Study makes fatigue recommendations
CARDIFF 30 November – Excessive working hours continues to be a problem for the shipping industry, a major research study has concluded, but there is no simple solution. The six-year study found that almost half the seafarers who took part were working 85 hours or more each week; that working hours had increased over the past 10 years despite regulations intended to combat fatigue; and that one in four admitted to having fallen asleep while on watch. However, a range of strategies will be needed to prevent or manage fatigue because of the different profiles of fatigue risk factors in different working groups. Recommendations included looking again at how working hours are recorded because current methods are not effective; building fatigue awareness into established health and safety training courses; and developing a checklist-style auditing tool that would help to assess work characteristics known to be risk factors for fatigue and subjective experience of these factors. Brian Orrell, general secretary of officers’ union Nautilus UK called for “a radical and urgent response from the government”, while Mary Martyn, head of the Maritime & Coastguard Agency’s health and safety branch, commented that the agency agreed that a co-operative approach is needed, involving regulators, shipping companies and seafarers. The study was co-sponsored by the MCA and the Health & Safety Executive, with support from Nautilus UK and the Seafarers’ International Research Centre, and was carried out by a team from the Centre for Occupational and Health Psychology at Cardiff University.


----------



## James_C (Feb 17, 2005)

A lengthier article and the actual report is on the NAUTILUS (formerly NUMAST) website.
It confirms what all Seamen have known for a long long time.
What will the Government and IMO do about it?
Nothing of course.


----------



## JoK (Nov 12, 2006)

And how you address things like adverse weather? I've been on ships where you catnapped for days on end. That is after the 12-14 hour days.


----------



## James_C (Feb 17, 2005)

This has nothing to do with exceptional cir***stances like adverse weather or fog.
This has all to do with complete inadequate manning onboard, on ships with 2 or 3 ABs, on tankers in and out of port every day with the 2nd and 3rd Mates on constant 6 on/6 off with mooring ops and PMs on top of that, and doing the same thing for 4-5 months (and longer at a time).
This applies to all ships and companies. It is a major problem. Much discussion of late has been about the Emma Maersk with 13 crew. That's ok if ports are weeks apart (which they are for her), but that's the exception rather than the rule.


----------



## JoK (Nov 12, 2006)

I guess I didn't consider the N Atlantic and fog exceptional cir***stances. 

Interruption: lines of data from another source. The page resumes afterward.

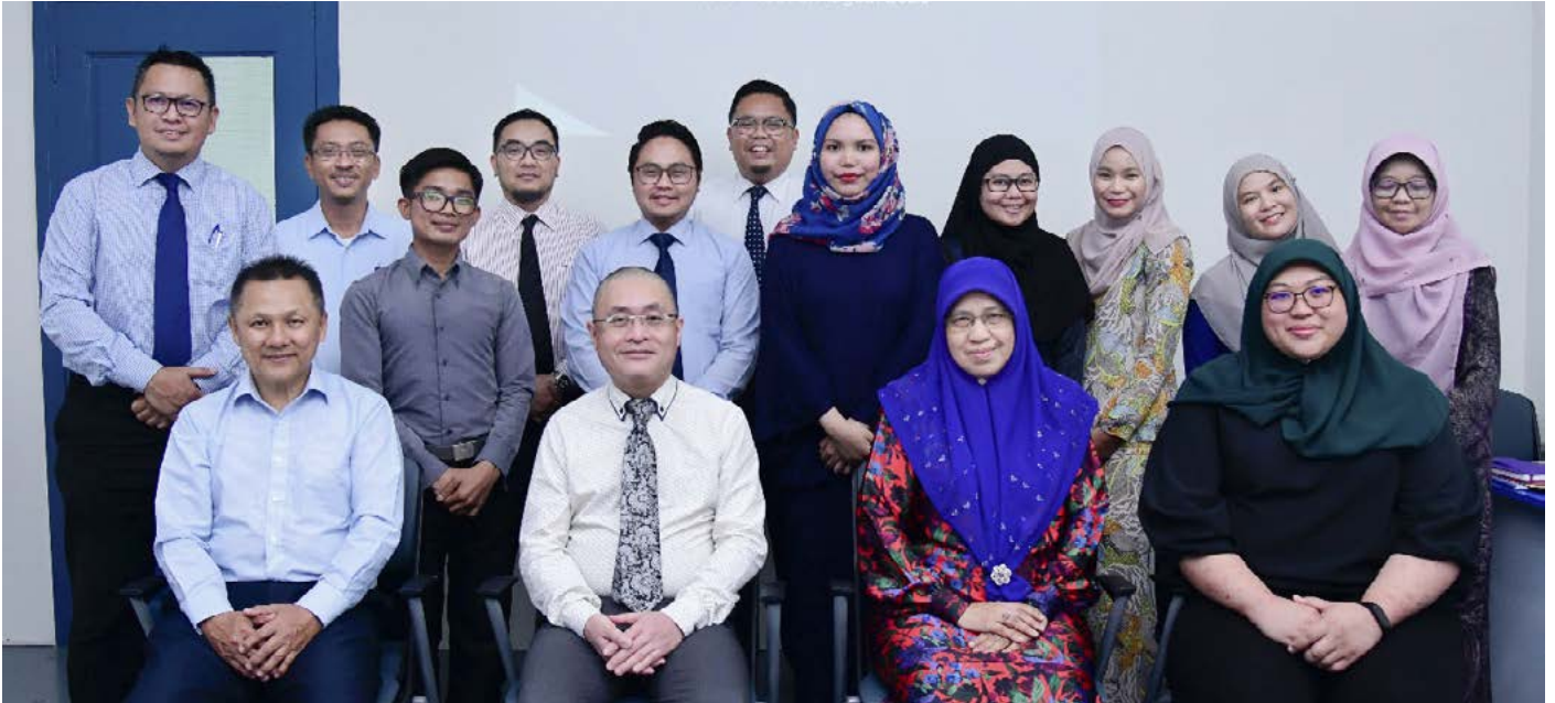
PARA pegawai dan kakitangan yang mengikuti Bengkel Microsoft Excel bagi Kumpulan 1 bermula 17 hingga 19 Ogos 2020.

Teks: Unit Penerbitan Melayu
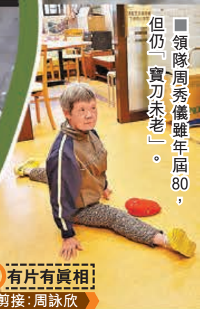
有片有真相！剪接：周詠欣

*請登入 lionrockdaily 香港仔 fb 專頁 https://www.facebook.com/lionrockdailyhk/ 瀏覽訪問內容，或用報頭旁掃條碼進入。
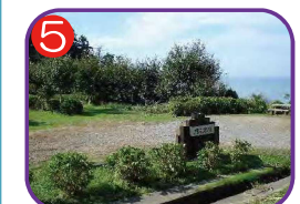
大王あじさい園上部駐車場 海拔 37.8m
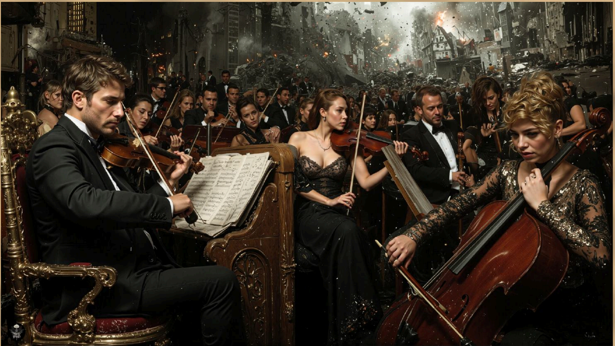
03 (2025) Técnica mixta digital. Impresión en canvas 130 cm x 89 cm

I was dumbfounded when I read that about the new Maersk boat.


----------



## Derek Roger (Feb 19, 2005)

"A " Articles . 
Sign On - Stay On - Sign Off ( No overtime ; but we did get a days leave for each Sunday at Sea .

Oh Happy Days 
Derek


----------



## Geoff_E (Nov 24, 2006)

James_C said:


> This has nothing to do with exceptional cir***stances like adverse weather or fog.
> This has all to do with complete inadequate manning onboard, on ships with 2 or 3 ABs, on tankers in and out of port every day with the 2nd and 3rd Mates on constant 6 on/6 off with mooring ops and PMs on top of that, and doing the same thing for 4-5 months (and longer at a time).
> This applies to all ships and companies. It is a major problem. Much discussion of late has been about the Emma Maersk with 13 crew. That's ok if ports are weeks apart (which they are for her), but that's the exception rather than the rule.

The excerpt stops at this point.